ARTICLE VII – EXECUTIVE COMMITTEE

             The Executive Committee shall consist of the 4 elected officers and 1 additional member of the Board of Trustees plus the Resident Catholic Chaplains.  The Committee will meet at least annually on the call of the President and will be chaired by the President.  This Committee is elected at the annual meeting.  The chairpersons of all standing committees will be invited to attend all meetings of the Executive Committee.  The function of the Executive Committee is to review the status of the Organization, to report its actions and bring its recommendations to the Board of Trustees, and to plan the agenda for each Board meeting.  This Committee is empowered to conduct the business of the Foundation between board meetings and to call special Board meetings when necessary.

 

ARTICLE VIII – STANDING COMMITTEES

             The following committees and chairperson of each shall be appointed by the President at the annual meeting:  building, finance, nominating, personnel.
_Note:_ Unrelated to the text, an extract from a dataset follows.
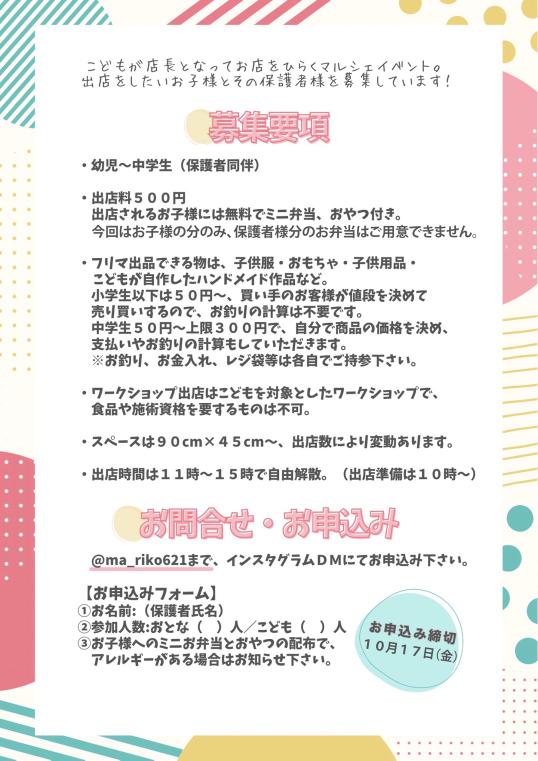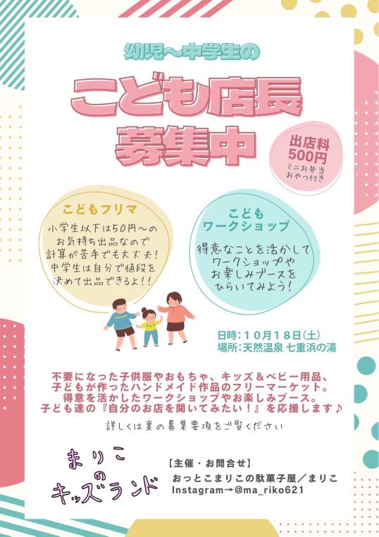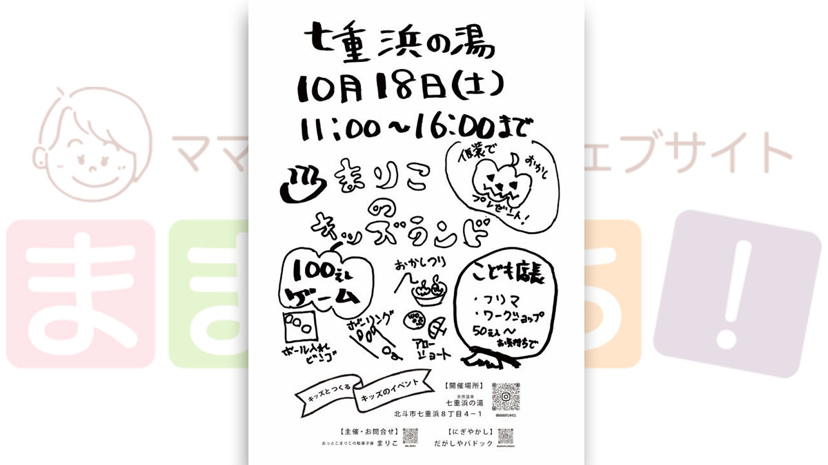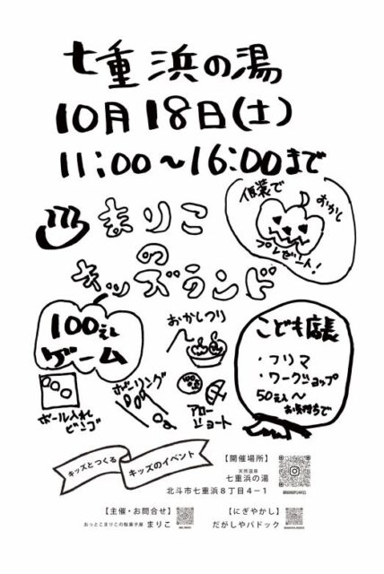 まりこのキッズランド イベント 2025.10.14 2025年10月18日(土) 開催場所 天然温泉 七重浜の湯 キッズとつくるキッズのイベント 函館市の駄菓子屋・おっとこまりこの駄菓子屋プレゼンツ&北斗市の駄菓子屋・だがしやパドックがにぎやかしのW駄菓子屋でお楽しみ下さい😆 こどもたちが店長になって開くフリマやワークショップ!ぜひ応援してね♪ 100円で遊べるコーナーも! 時間 11:00~16:00 \Instagram/ おっとこまりこだがしやパドック七重浜の湯 仮装して行くとお菓子プレゼントだそうですよ🎃
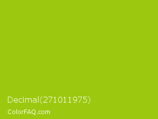 Decimal 271011975 Color is a normal lime color and the nearest color is Citrus #a1c50a. Hex code #9cc90f and RGB value is rgb(156,201,15). In RGB color space, this color is composed of 61% red, 79% green, 6% blue, In CMYK color space, this color is composed of 22% cyan, 0% magenta, 93% yellow , 21% black , In HSL color space, this color has a hue angle of 75° , 86% saturation and 42% lightness.

 The Building Committee shall oversee the upkeep and uses of the building, confer with consultants as necessary concerning the building belonging to the Foundation, make recommendation to the Board concerning major changes, and oversee the expenditure of funds provided for building maintenance or improvement.

 The Finance Committee shall review and approve the proposed annual budget, and the annual financial report and make recommendation to the Board concerning their acceptance.  The Finance Committee shall plan and see that major funding efforts are carried out.

 The Nominating Committee shall prepare and present at the Annual Meeting a slate of candidates to fill board vacancies, as well as a slate of officers and members to serve on the Executive Committee.

 The Personnel Committee is responsible for setting, reviewing and updating all personnel policies and bringing them to the Board for adoption.  The Committee approves all job descriptions, sets salary classifications and ranges, and carries the responsibilities for the appointment, evaluation and termination of all staff.

 

ARTICLE IX – AMENDMENTS

             These By-Laws may be amended by a two-thirds vote of the Members of the Board of Trustees in attendance at any meeting of the board provided that notice of such Amendments shall be stated in the written notice of the meeting.